** SOURCE DATA **
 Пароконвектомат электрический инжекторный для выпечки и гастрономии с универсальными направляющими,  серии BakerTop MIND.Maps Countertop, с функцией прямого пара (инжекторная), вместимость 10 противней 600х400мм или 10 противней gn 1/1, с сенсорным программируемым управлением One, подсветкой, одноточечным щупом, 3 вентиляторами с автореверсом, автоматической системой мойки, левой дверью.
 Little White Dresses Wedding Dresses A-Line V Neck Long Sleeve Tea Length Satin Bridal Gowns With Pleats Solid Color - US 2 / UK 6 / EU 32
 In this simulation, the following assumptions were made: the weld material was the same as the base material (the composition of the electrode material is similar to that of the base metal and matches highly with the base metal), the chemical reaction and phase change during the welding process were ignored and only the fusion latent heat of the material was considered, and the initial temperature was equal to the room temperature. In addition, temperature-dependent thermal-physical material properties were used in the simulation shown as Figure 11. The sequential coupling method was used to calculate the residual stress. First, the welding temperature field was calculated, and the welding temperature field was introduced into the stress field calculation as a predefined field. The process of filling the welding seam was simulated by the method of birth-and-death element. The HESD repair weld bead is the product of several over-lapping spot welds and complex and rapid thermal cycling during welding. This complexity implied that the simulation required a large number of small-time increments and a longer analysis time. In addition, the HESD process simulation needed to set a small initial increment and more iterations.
==
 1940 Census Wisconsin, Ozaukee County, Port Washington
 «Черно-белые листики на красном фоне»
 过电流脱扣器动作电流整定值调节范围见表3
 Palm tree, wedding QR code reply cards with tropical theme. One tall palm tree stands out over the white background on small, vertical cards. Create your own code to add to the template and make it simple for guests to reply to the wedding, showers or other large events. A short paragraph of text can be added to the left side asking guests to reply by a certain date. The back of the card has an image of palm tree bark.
---
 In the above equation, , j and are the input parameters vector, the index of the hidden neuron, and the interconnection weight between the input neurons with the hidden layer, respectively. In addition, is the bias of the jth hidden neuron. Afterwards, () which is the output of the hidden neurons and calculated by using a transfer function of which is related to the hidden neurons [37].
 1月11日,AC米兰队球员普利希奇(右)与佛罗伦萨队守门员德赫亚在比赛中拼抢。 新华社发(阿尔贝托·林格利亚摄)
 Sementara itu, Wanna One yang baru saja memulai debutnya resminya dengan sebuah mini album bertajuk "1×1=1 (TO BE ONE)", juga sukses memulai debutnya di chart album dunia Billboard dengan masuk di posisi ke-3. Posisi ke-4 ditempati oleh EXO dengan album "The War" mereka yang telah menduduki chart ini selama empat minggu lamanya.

** PROBLEM STATEMENT **
Begin with the line that has "1月11日,AC米兰队球员普" in the listing above and end after the line that has "Sementara itu, Wanna"; output those lines exactly.

** SOLUTION FOR THIS PROBLEM **
 1月11日,AC米兰队球员普利希奇(右)与佛罗伦萨队守门员德赫亚在比赛中拼抢。 新华社发(阿尔贝托·林格利亚摄)
 Sementara itu, Wanna One yang baru saja memulai debutnya resminya dengan sebuah mini album bertajuk "1×1=1 (TO BE ONE)", juga sukses memulai debutnya di chart album dunia Billboard dengan masuk di posisi ke-3. Posisi ke-4 ditempati oleh EXO dengan album "The War" mereka yang telah menduduki chart ini selama empat minggu lamanya.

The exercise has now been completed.